まずは、医学的な視点から見た「授乳中の食事に関する基本的な考え方」について確認していきましょう。

アルコール

授乳中の飲酒については、基本的に控えることが推奨されています。

アルコールは母乳へ移行するため、赤ちゃんの睡眠や発達に影響を与える可能性があるからです。

厚生労働省の指針や海外の専門機関でも、アルコールは乳汁へ移行するため摂取を控えるべきと明確に示されています。

お祝いの席などで飲酒する場合でも、「2〜3時間空ければ必ず安全」とは言い切れません。

なぜなら、アルコールが体から抜ける時間は飲酒量だけでなく、体重やアルコール度数、飲んだ時間帯などによって大きく変わるためです。

そのため一律に「何時間後なら大丈夫」と判断するのではなく、できるだけ飲酒を避けることが安心につながります。

どうしても飲む場合は、事前に搾乳しておく、ノンアルコール飲料を選ぶなどの工夫も検討してみてくださいね。

薬の服用

体調を崩した際の薬の服用も、ママにとっては大きな不安要素の一つではないでしょうか。

実は、多くの市販薬や処方薬は授乳中でも安全に使用できることが分かっており、過度に心配しすぎる必要はありません。

ただし、成分によっては母乳への移行量が多いものもあるため、自己判断で服用するのは避けたいところです。

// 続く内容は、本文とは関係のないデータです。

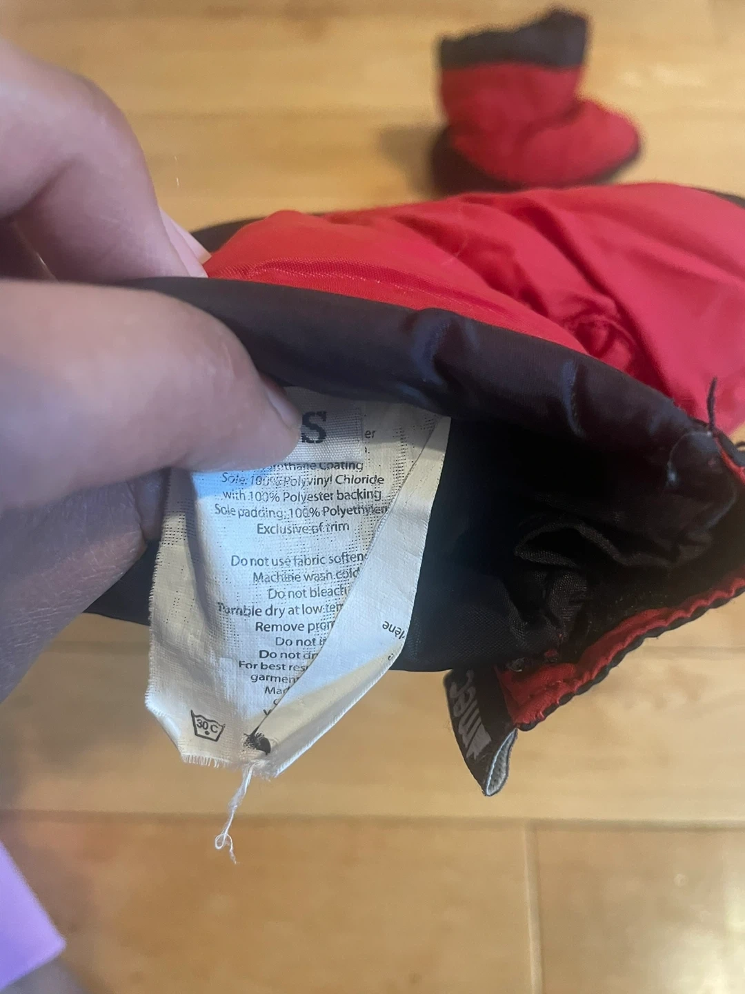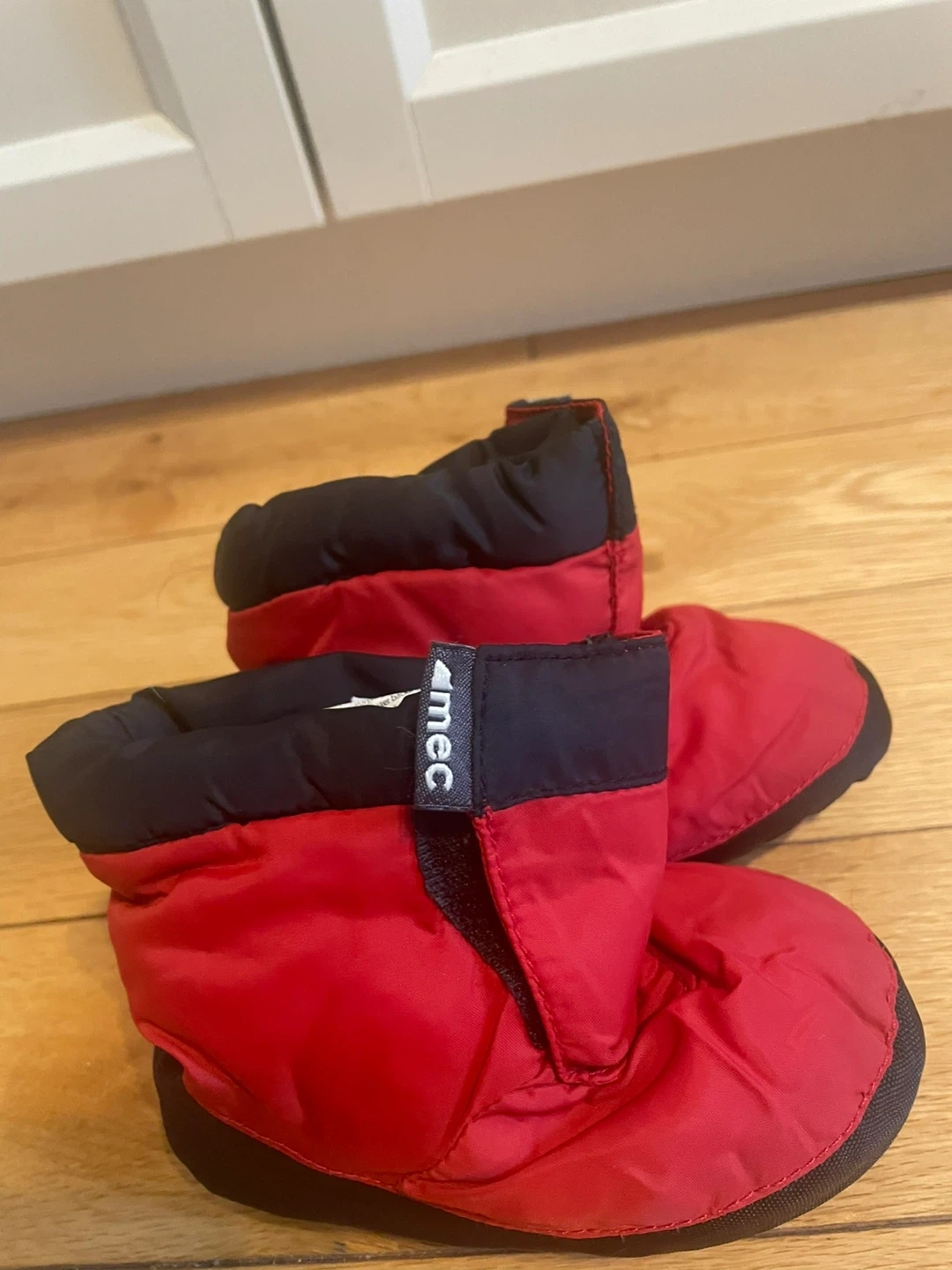 Selling a pair of MEC baby booties in red and black! They are size small and made with: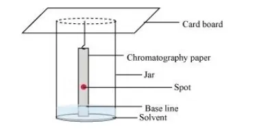 In paper chromatography, chromatography paper is used. This paper contains water trapped in it, which acts as the stationary phase. On the base of this chromatography paper, the solution of the mixture is spotted. The paper strip is then suspended in a suitable solvent, which acts as the mobile phase. This solvent rises up the chromatography paper by capillary action and in the procedure, it flows over the spot. The components are selectively retained on the paper (according to their differing partition in these two phases). The spots of different components travel with the mobile phase to different heights. The paper so obtained (shown in the given figure) is known as a chromatogram.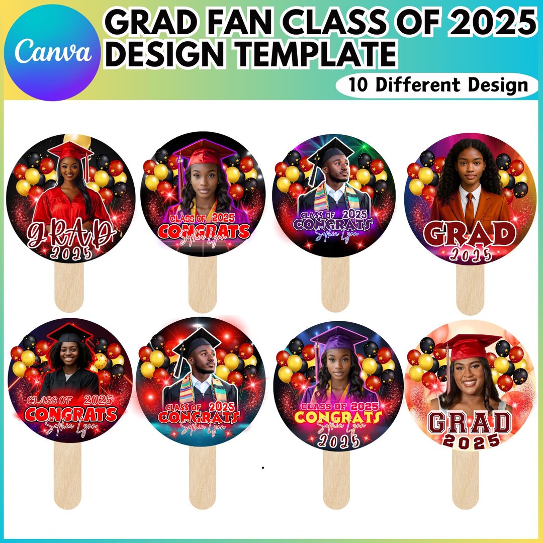 Grad Clack Fan Template | Graduation Fans Canva Template – Set of 5 ...

診察を受ける際は必ず授乳中であることを伝え、医師や薬剤師に相談して安全な薬を選んでもらうのが最も安心な方法ですよ。

水銀を多く含む大型魚

授乳中に絶対食べてはいけないわけではありませんが、キンメダイやメカジキ、クロマグロなどの大型魚は水銀を比較的多く含みます。

厚生労働省でも妊娠中・授乳中は食べる頻度や量に配慮するよう案内されています。

刺身や寿司を楽しむ際は、さまざまな魚をバランスよく選ぶようにしましょう。

助産師としてよくある相談

私が母乳相談でよく受ける質問のひとつが、

「ケーキを食べたら乳腺炎になりますか?」
「お餅を食べるとおっぱいが詰まりますか?」

というものです。

実際には、特定の食べ物だけが直接乳腺炎の原因になるとは考えられていません。

むしろ授乳間隔が空くことや、疲労・睡眠不足・ストレスなどの影響が大きいとされています。

そのため、食事を極端に我慢するよりも、しっかり休息を取りながらバランス良く食べることの方が大切ですよ。

私がよくお伝えする食事の考え方

授乳中のお母さんに私がお伝えしているのは、

「食べてはいけないものを探すより、食べられるものを増やしましょう」

ということです。

産後は睡眠不足や疲労が続くため、食事制限を頑張りすぎると心も体も疲れてしまいます。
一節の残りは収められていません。